Но представить себе, что кокон выходит за пределы дома и вмещает в себя двор, коновязь и ближайшие деревья примыкающего к лесничеству леса она не мгла. Дом представлял собой творение рук человеческих, его судьба была неразрывно соединена с судьбами его насельников, он был продолжением многих и многих человеческих жизней - пусть даже Лота не знала, что это были за жизни и насколько удачно они сложились. Присутствие внутри кокона внешнего мира ужасало Лоту: одна лишь мысль об этом наполняла ее протестом и готовностью сопротивляться любым способом. Все, что располагалось за пределами дома, виделось ей враждебным. Стараясь вести себя более самостоятельно, она не могла заставить себя расслабиться и побороть постоянный страх, как только пути ее пролегали за пределы лесничества, более того: когда она спускалась с крыльца. Раньше она никогда не задумывалась, насколько чужеродна и враждебна природа человеческому существу - но раньше она и не сталкивалась с природой так близко: один на один.
Ладно, все будет хорошо, успокаивала она себя. Все уже хорошо. А будет еще лучше.

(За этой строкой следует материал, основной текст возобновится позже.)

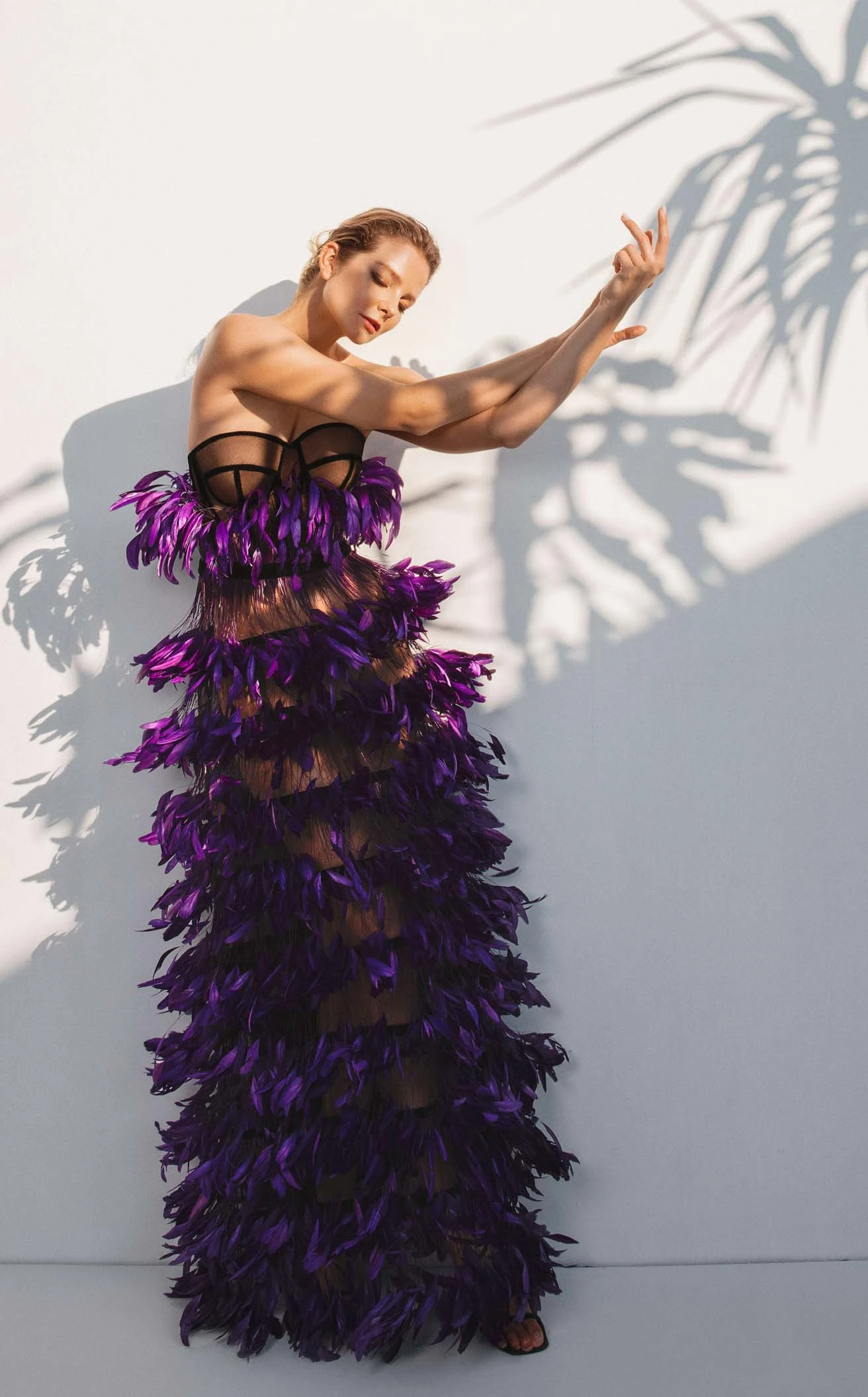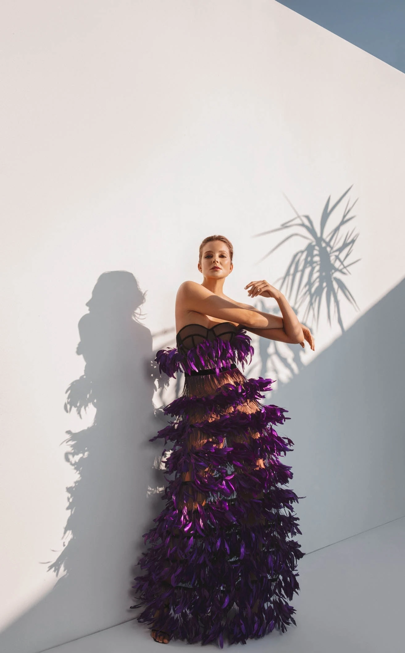 Strapless Sweetheart Neckline Layered Feather Accented A-line Dress by Jean-Louis Sabaji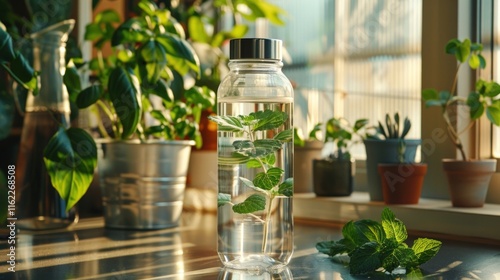 Glass water bottle with fresh mint leaves on a kitchen windowsill, surrounded by potted plants. Sunlit scene.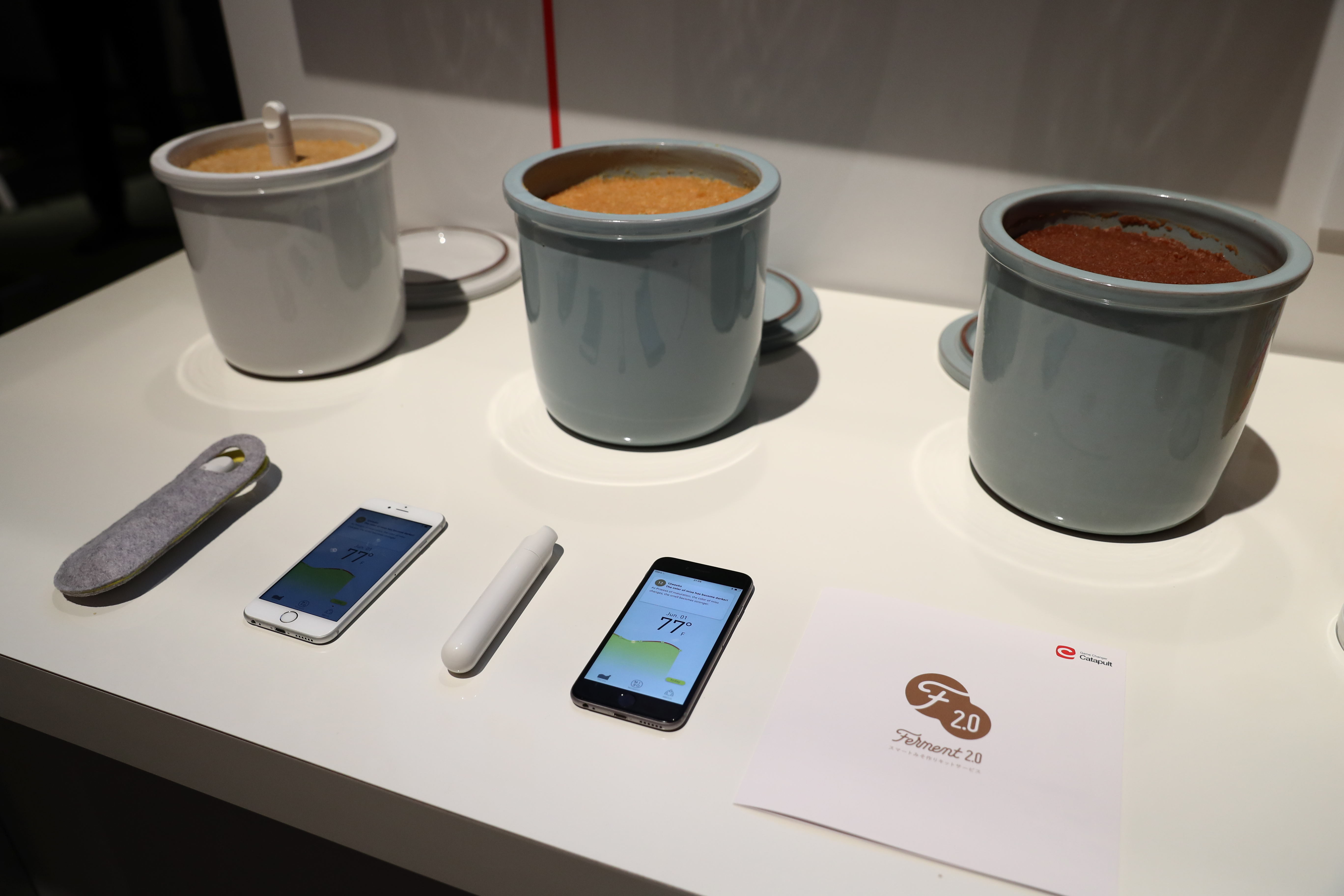 เครื่องวัดเวลามิโสะ ปกติแล้วมิโสะจะต้องใช้เวลาหมัก 3 เดือน เครื่องนี้จะเป็นแท่งยาวๆ ปักไว้ที่มิโสะ เมื่อมิโสะถึงเวลาหมักได้ที่ เครื่องจะเตือนไปที่สมาร์ทโฟนเพื่อบอกว่ามิโสะได้ที่แล้วนะ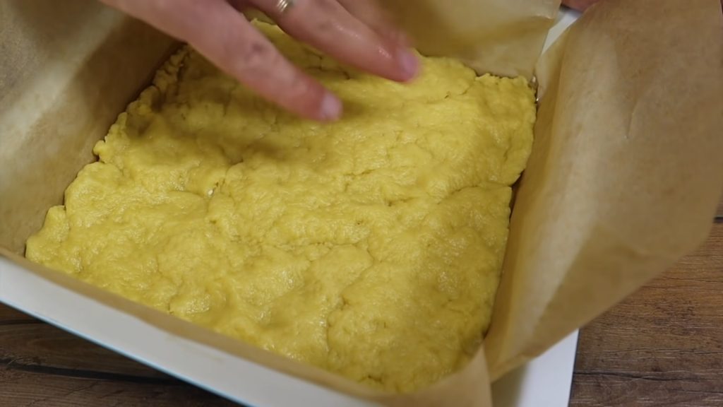 Pentru aluat, cernem făina, zahărul pudră și praful de copt într-un bol. amestecăm, adăugăm vanilia, untul moale și amestecăm cu mâna până obținem un aluat nisipos.

В магазин отправились под вечер. Солнце клонилось к нижним приделам своего царства - правда, видно его все равно не было: кругом, как и все эти дни, стоял туман.
-Что меня больше всего сейчас интересует - так это собственная газета, - втолковывал Птица Володе, развивая какую-то начатую тему. - Не моя, а наша общая. Вот, например, ты. Я слышал, у тебя стихи есть. Чуть ли не сборник.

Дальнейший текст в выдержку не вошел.